Max Jacob (; 12 July 1876 – 5 March 1944) was a French poet, painter, writer, and critic.

Life and career

After spending his childhood in Quimper, Brittany, he enrolled in the Paris Colonial School, which he left in 1897 for an artistic career. He was one of the first friends Pablo Picasso made in Paris. They met in the summer of 1901, and it was Jacob who helped the young artist learn French. Later, on the Boulevard Voltaire, he shared a room with Picasso, who remained a lifelong friend (and was included in his artwork Three Musicians). Jacob introduced him to Guillaume Apollinaire, who in turn introduced Picasso to Georges Braque. He would become close friends with Jean Cocteau, Jean Hugo, Christopher Wood and Amedeo Modigliani, who painted his portrait in 1916.  He also befriended and encouraged the artist Romanin, otherwise known as French politician and future Resistance leader Jean Moulin.  Moulin's famous nom de guerre Max is presumed to be selected in honor of Jacob.

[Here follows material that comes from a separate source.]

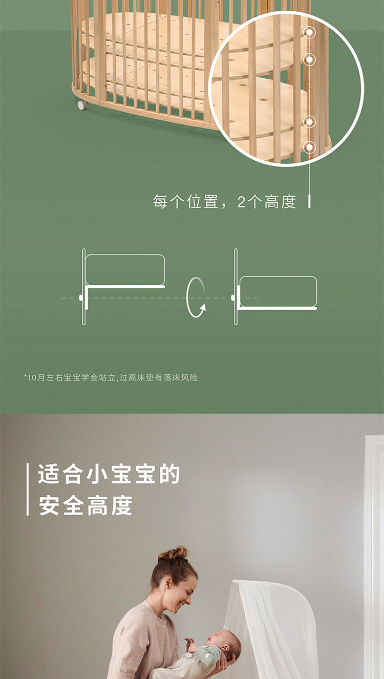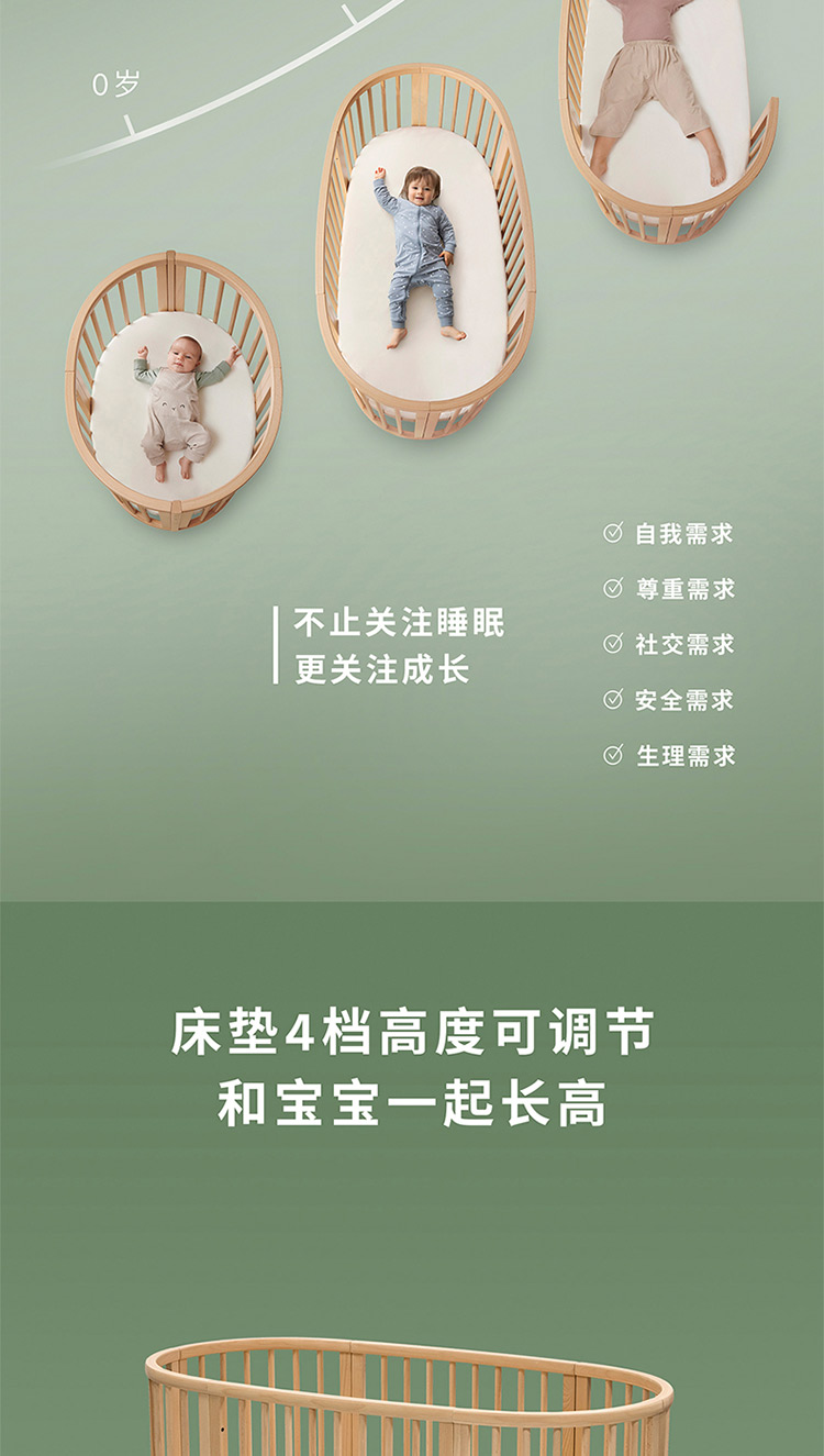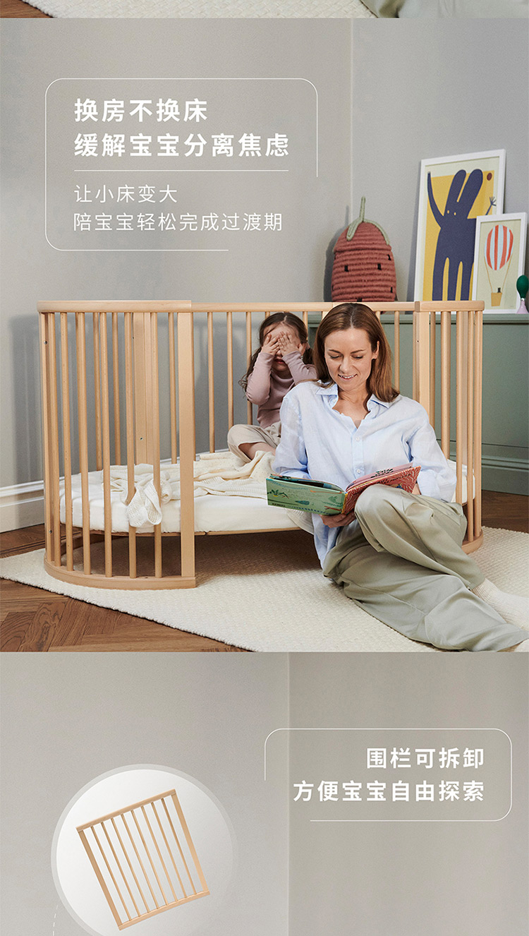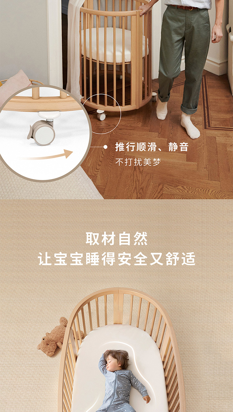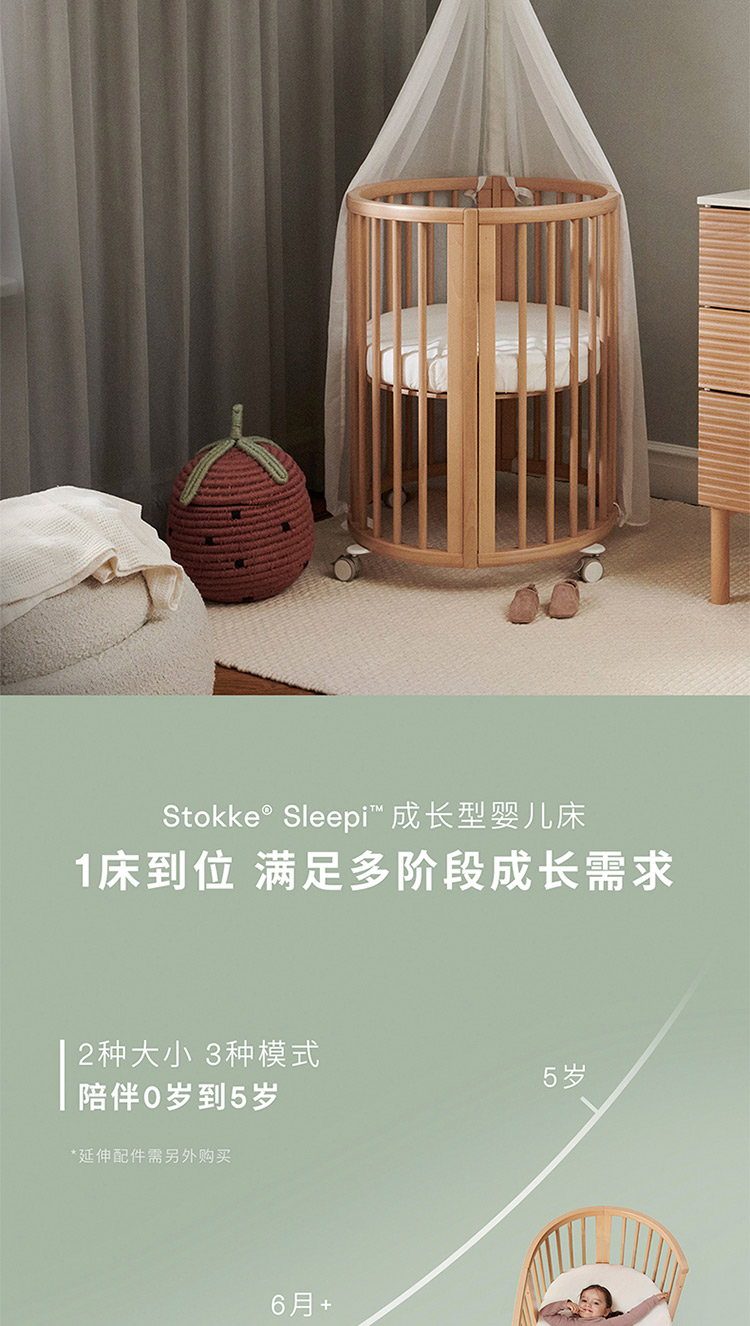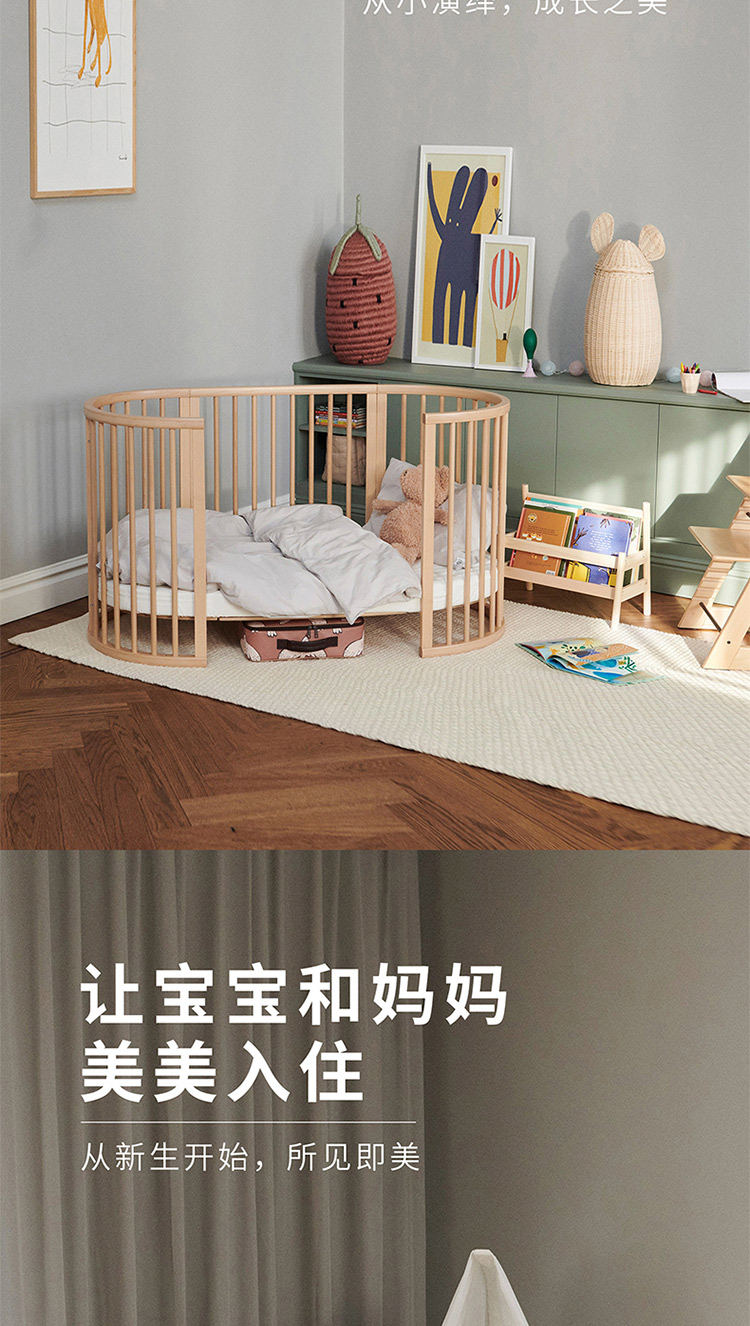 【新品】北欧Stokke Sleepi V3 成长型婴儿床实木宝宝床可移动儿童床拼接床(不含床垫)

Jacob, who was Jewish, claimed to have had a vision of Christ in 1909, and converted to Catholicism. He was hopeful that this conversion would alleviate his homosexual tendencies.

Max Jacob is regarded as an important link between the symbolists and the surrealists, as can be seen in his prose poems Le cornet à dés (The Dice Box, 1917 – the 1948 Gallimard edition was illustrated by Jean Hugo) and in his paintings, exhibitions of which were held in New York City in 1930 and 1938.

His writings include the novel Saint Matorel (1911), the free verses Le laboratoire central (1921), and La défense de Tartuffe (1919), which expounds his philosophical and religious attitudes.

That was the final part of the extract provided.